I could make it in May, I'll count for at least two tickets, possibly more. 

Are they Tim Hortons donuts?


----------



## Fishfirst (Jan 24, 2005)

a fifteen hour drive means I need to take at least two days off of work. I'd go if its this summer.


----------



## leveldrummer (May 27, 2005)

hey hey hey... to many people are calling to many things in my house already, cmon ron, i only have 2 couches... and i dont drink beer... (any one a fan of jagermeister) and moby, if your bringing your dogs, shave em... its about 70 down here, and you might want to pack a fridge for your igloo too. haha, and who is tim horton?


----------



## Imbrium (Feb 7, 2005)

Tim Horton was a hockey player and then he opened a coffee/donut shop. It's a franchise now and they are all over the place in Ontario. I mean there are so many, I saw some across the street from each other.
And I looooove jager. (mmm, tastes like licorice)


----------



## Osiris (Jan 18, 2005)

i call dibs on LD's recliner, so


----------



## leveldrummer (May 27, 2005)

haha you just gonna abandon the family in the car mp? haha i dont think there are too many tim horton doughnuts down here, mainly dunkin and krispy kreme. (no recliner mp, couch and love seat, and a whole lot of floor.)


----------



## Mobydock (Sep 6, 2005)

Imbrium said:


> Tim Horton was a hockey player and then he opened a coffee/donut shop. It's a franchise now and they are all over the place in Ontario. I mean there are so many, I saw some across the street from each other.
> And I looooove jager. (mmm, tastes like licorice)

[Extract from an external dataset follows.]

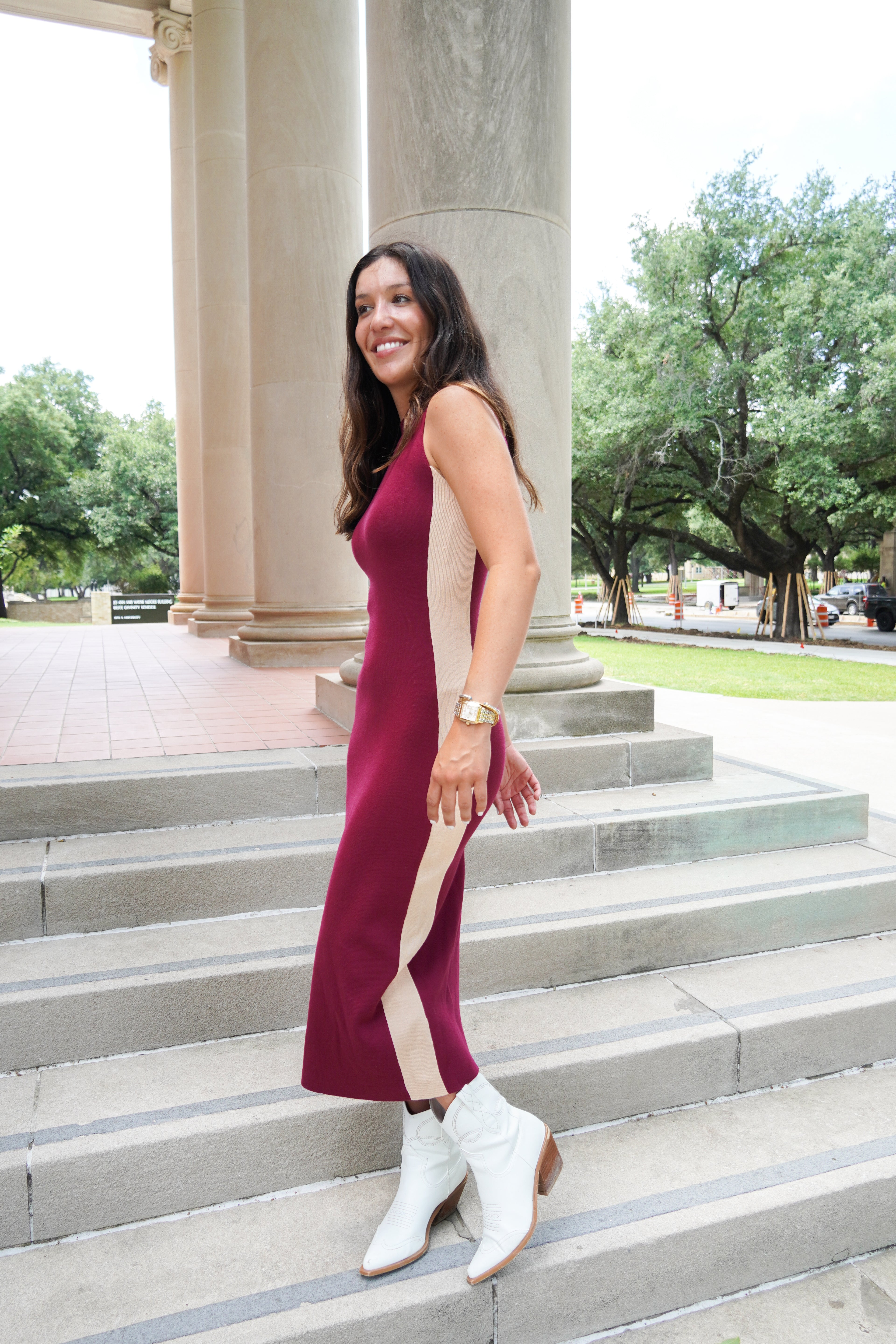 With a mock neck and tan stripes along the sides, this maroon midi dress is perfect for our TXST girls and Aggies! We love styling it with booties for gameday or sneakers to dress it down!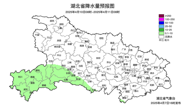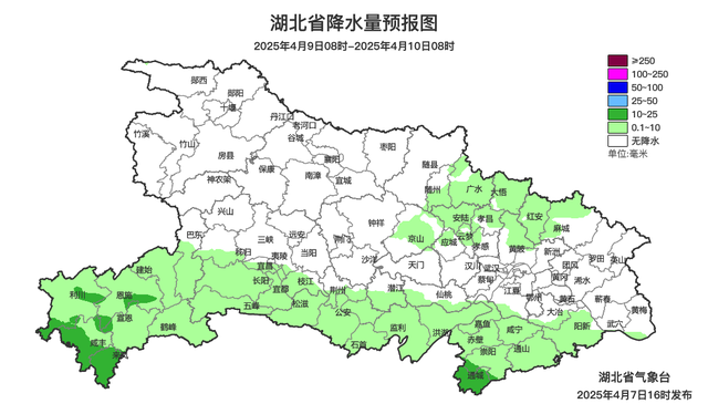 4月9日08时-10日08时,鄂西南、江汉平原南部、鄂东南阴天有小雨,局地中雨并伴有雷电;其他地区阴天到多云,局地有短时小雨。最高气温鄂西南24~28℃、其他地区28~33℃,最低气温西部10~15℃、中东部15~19℃,偏南风2到3级。

You forgot to mention that Tim Hortons is the best coffee shop ever. Their donuts aren't that great, but people joke around, saying they use cocaine for sugar in their coffee. People will line up out the door every morning for Tim's coffee, while the "Country Style" or "Coffee Time" across the street goes out of business.

Jag drinkers, eh. Since I will soon be a certified bartender, a buddy of mine wants me to make his shooter popular. It's 1/3 Jagermeister, 1/3 Bailey's and 1/3 Banana liqueur; he calls it the "three leg'ed donkey". I think he just likes the reaction on peoples faces when he asks for it.


----------



## leveldrummer (May 27, 2005)

Mobydock said:


> Jag drinkers, eh. Since I will soon be a certified bartender, a buddy of mine wants me to make his shooter popular. It's 1/3 Jagermeister, 1/3 Bailey's and 1/3 Banana liqueur; he calls it the "three leg'ed donkey". I think he just likes the reaction on peoples faces when he asks for it.


 that sounds absolutly gross, sorry. might be good, but it desnt sound it. i like the red headed (promiscuous woman, starts with "S") jager, peach shnapps and a little cran berry juice)


----------